▶ _The data_
"""

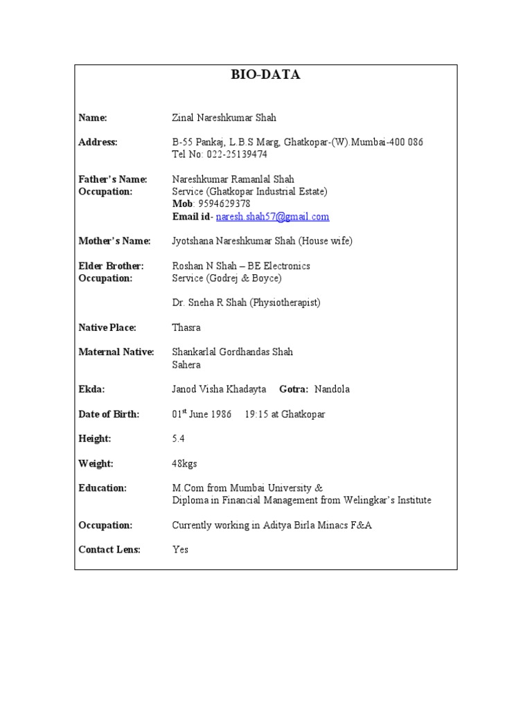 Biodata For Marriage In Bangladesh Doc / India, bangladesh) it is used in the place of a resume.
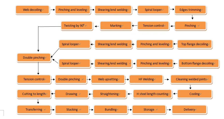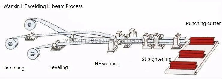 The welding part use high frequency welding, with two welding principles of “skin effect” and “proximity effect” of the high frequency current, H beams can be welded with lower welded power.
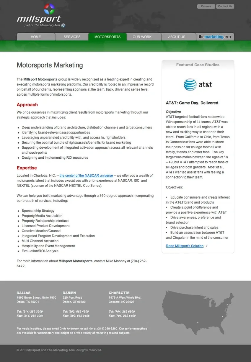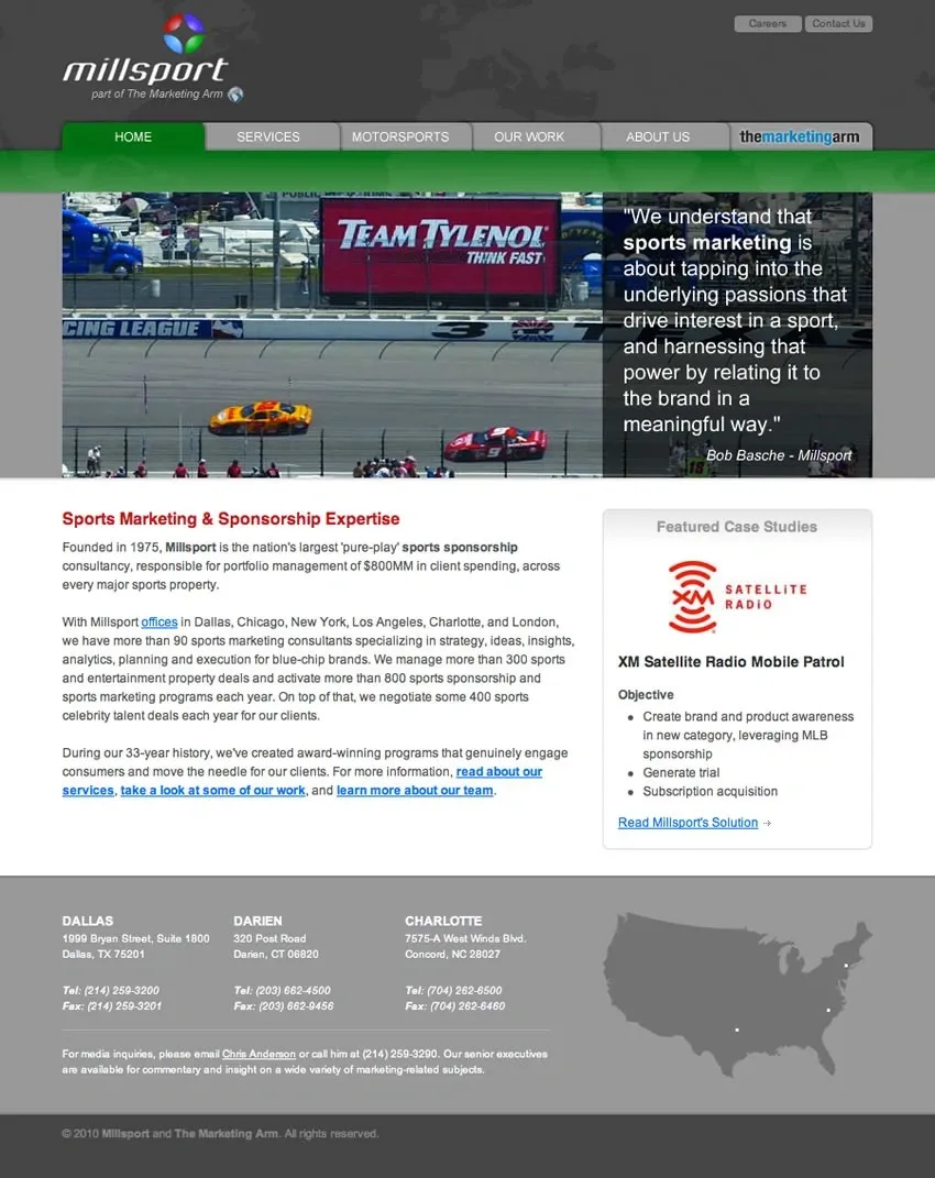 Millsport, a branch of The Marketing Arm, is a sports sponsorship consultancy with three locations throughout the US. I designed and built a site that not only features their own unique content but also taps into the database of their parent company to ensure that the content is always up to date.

"""

▶ _Task objective_
Retype the data above exactly. Leave the pictures out.

▶ _Output below_
 Biodata For Marriage In Bangladesh Doc / India, bangladesh) it is used in the place of a resume.
 The welding part use high frequency welding, with two welding principles of “skin effect” and “proximity effect” of the high frequency current, H beams can be welded with lower welded power.
 Millsport, a branch of The Marketing Arm, is a sports sponsorship consultancy with three locations throughout the US. I designed and built a site that not only features their own unique content but also taps into the database of their parent company to ensure that the content is always up to date.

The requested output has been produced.